(What the task requires): Would it be possible to write out each entry below exactly, without the pictures?

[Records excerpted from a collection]
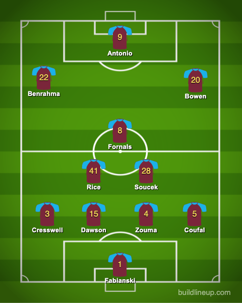 After a stinker of a performance against Wolves, Michail Antonio will return fully rested here to be the focal point of the Hammers attack. He will be flanked by Said Benrahma and Jarrod Bowen as per usual.
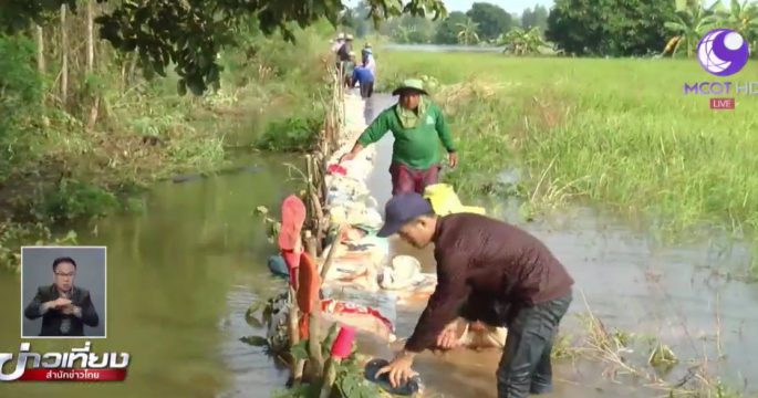 ทหาร ชาวบ้าน และนักศึกษา เร่งวางกระสอบทรายวางแนวป้องกันน้ำจากแม่น้ำชีที่กำลังไหลทะลักเข้าท่วมพื้นที่การเกษตร 3 ตำบล รวมถึงเขตเศรษฐกิจ จ.มหาสารคาม
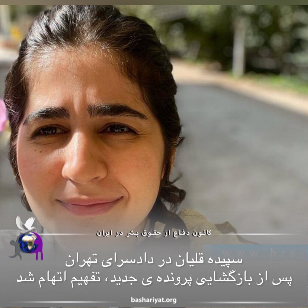 سپیده قلیان، فعال مدنی محبوس در زندان #اوین از بابت پرونده جدیدی که با شکایت اداره کل زندانهای استان بوشهر در دوران حبس علیه وی گشوده شده، طی روزهای اخیر، توسط شعبه ۲ بازپرسی دادسرای عمومی و انقلاب ناحیه ۲۳ تهران به صورت تلفنی تفهیم اتهام شد. براساس این ابلاغیه که در تاریخ ۲۵ آبان ماه ۱۴۰۱، توسط شعبه ۲ بازپرسی دادسرای عمومی و انقلاب ناحیه ۲۳ (ویژه نیابت) تهران صادر شده، خانم قلیان از بابت اتهامات “نشر اکاذیب، توهین به مقدسات و مامورین و انتشار تهمت، افترا، الفاظ رکیک با نسبتهای توهین آمیز” مورد تفهیم اتهام قرار گرفته است.
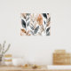 This print features a modern art abstract image of several botanicals in neutral shades of muted tan or beige and grey on a white background. This pretty poster has a boho chic aesthetic and will provide a touch of nature and sophistication to a living room, bedroom or bathroom. This unframed print is available in various sizes to fit standard frames.
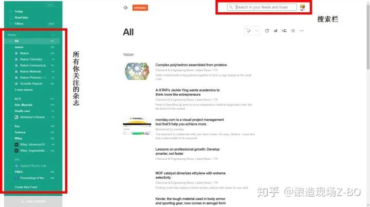 这个网站使用起来非常简单,你只需要搜索你想关注的杂志,或者把想关注的杂志的RSS链接加入到你的账号里就可以了。
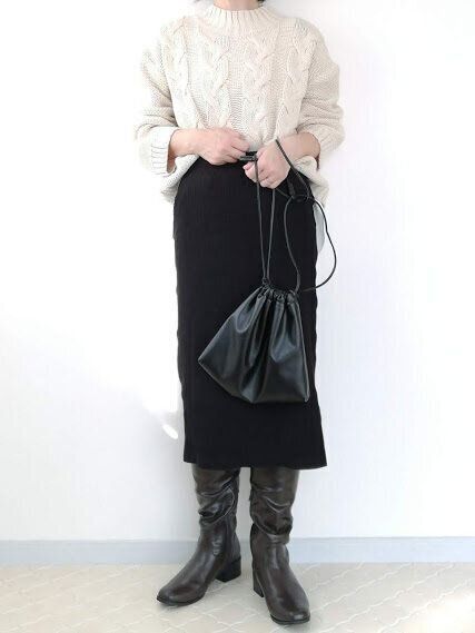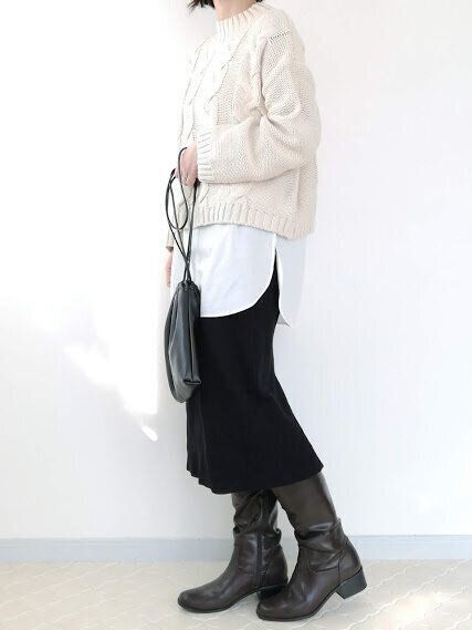 Iライン効果で、スタイルアップ効果も期待できます。モノトーンで統一することで、もっさり見えがちなケーブルニットを洗練された印象に。
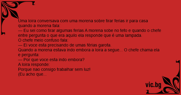 — Eu sei como tirar algumas ferias A morena sobe no teto e quando o chefe entre pergunta o que era aquilo ela responde que é uma lampada.

(Expected answer):
 After a stinker of a performance against Wolves, Michail Antonio will return fully rested here to be the focal point of the Hammers attack. He will be flanked by Said Benrahma and Jarrod Bowen as per usual.
 ทหาร ชาวบ้าน และนักศึกษา เร่งวางกระสอบทรายวางแนวป้องกันน้ำจากแม่น้ำชีที่กำลังไหลทะลักเข้าท่วมพื้นที่การเกษตร 3 ตำบล รวมถึงเขตเศรษฐกิจ จ.มหาสารคาม
 سپیده قلیان، فعال مدنی محبوس در زندان #اوین از بابت پرونده جدیدی که با شکایت اداره کل زندانهای استان بوشهر در دوران حبس علیه وی گشوده شده، طی روزهای اخیر، توسط شعبه ۲ بازپرسی دادسرای عمومی و انقلاب ناحیه ۲۳ تهران به صورت تلفنی تفهیم اتهام شد. براساس این ابلاغیه که در تاریخ ۲۵ آبان ماه ۱۴۰۱، توسط شعبه ۲ بازپرسی دادسرای عمومی و انقلاب ناحیه ۲۳ (ویژه نیابت) تهران صادر شده، خانم قلیان از بابت اتهامات “نشر اکاذیب، توهین به مقدسات و مامورین و انتشار تهمت، افترا، الفاظ رکیک با نسبتهای توهین آمیز” مورد تفهیم اتهام قرار گرفته است.
 This print features a modern art abstract image of several botanicals in neutral shades of muted tan or beige and grey on a white background. This pretty poster has a boho chic aesthetic and will provide a touch of nature and sophistication to a living room, bedroom or bathroom. This unframed print is available in various sizes to fit standard frames.
 这个网站使用起来非常简单,你只需要搜索你想关注的杂志,或者把想关注的杂志的RSS链接加入到你的账号里就可以了。
 Iライン効果で、スタイルアップ効果も期待できます。モノトーンで統一することで、もっさり見えがちなケーブルニットを洗練された印象に。
 — Eu sei como tirar algumas ferias A morena sobe no teto e quando o chefe entre pergunta o que era aquilo ela responde que é uma lampada.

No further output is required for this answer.